Enoの音楽日記

オペラ、コンサートを中心に、日々の感想を記します。

カルテット!人生のオペラハウス

2013年05月14日 | 映画
 映画「カルテット!人生のオペラハウス」を観た。イギリスの引退した音楽家のための老人ホームでの話。ヴェルディが私財を投じてミラノに建てた「音楽家のための憩いの家」がモデルだ。

 ヴェルディの憩いの家は何年か前にNHKテレビで報道された。普段はテレビを見ない生活だが、このときはたまたま旅先で見た。ヴェルディはこんなことをしていたのか、いかにもヴェルディらしいな、と思った。功成り名遂げたヴェルディが、引退して困窮している音楽家のために、自分にできることとして、老人ホームを建てた。すべてを救うことはできないが、せめてできる範囲で、と。

 憩いの家は今も健在だが、この映画では、経営に行き詰まり、その打開のために入居者の老人たちが演奏会を計画する。開催にこぎつけるまでの紆余曲折がユーモアたっぷりに描かれる。

 元プリマドンナのソプラノ歌手ジーン、認知症が始まったアルト歌手シシー、過去に9時間だけジーンと結婚していたテノール歌手レジー、老いてなお色気たっぷりのバリトン歌手ウィルフ。
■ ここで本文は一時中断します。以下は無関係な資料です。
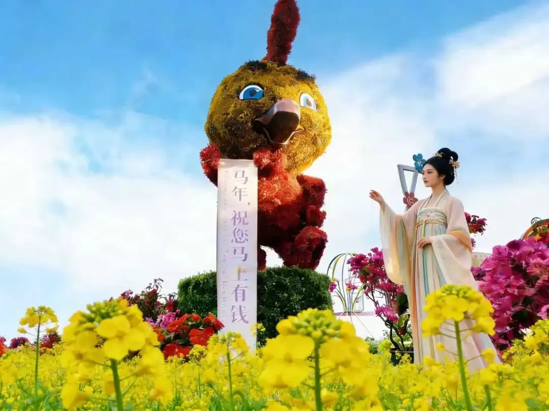 首届2026东莞迎春花博汇正在举行至4月12日,以荷塘印象680亩田园综合体为基础,依托园区百亩油菜花、格桑花、向日葵花海及万棵桃树为背景,以马年主题花卉、田园绿雕工艺、花雕艺术、三角梅花海、盆栽花卉、花田喜事等花卉观赏活动,融合迎春民俗文化、汉服 NPC、送财转运活动、田园美食、农耕体验、雪乡打卡、骑马表演等活动,让广大市民度过一个愉快的新春假期。

この4人がヴェルディの「リゴレット」からの四重唱(カルテット)を歌うまでの紆余曲折。

 ジーンは過去の栄光にとらわれて、入居者たちとは打ち解けない。昔別れたレジーとのわだかまりもある。そんなジーンが次第に自分の「今」を受け入れる物語でもある。

 演奏会の日、いよいよ出番というその時、シシーの認知症が始まる。「お母さんに呼ばれたから帰る」というのだ。途方に暮れる男性2人。そのときジーンがシシーの肩を抱いて優しくいう、「そうね、帰りましょう」
シシー「バッグも持って行っていいの?」
ジーン「もちろんよ」
シシー「あの大きいのよ」
ジーン「そうよ。でも、帰るのは2週間後なのよ」
シシーは笑顔になってステージに向かう。

 ジーンは成長したのだ。人間いくつになっても成長するのだ。実はこれは小さなエピソードで、本筋ではもう一つのストーリーが進行しているが、それは観てのお楽しみ。

 4人の前に歌う元ソプラノ歌手がいる。ジーンがライバル意識をむき出しにするその歌手は、歌い始めると、すばらしい声。ジーンは思わず息をのむ。往年の名歌手ギネス・ジョーンズだ。1936年生まれだから制作時点で76歳くらいだが、すごい声だ。これがギネス・ジョーンズの「今」なのだろうか。感動的だ。これだけでも感動ものだ。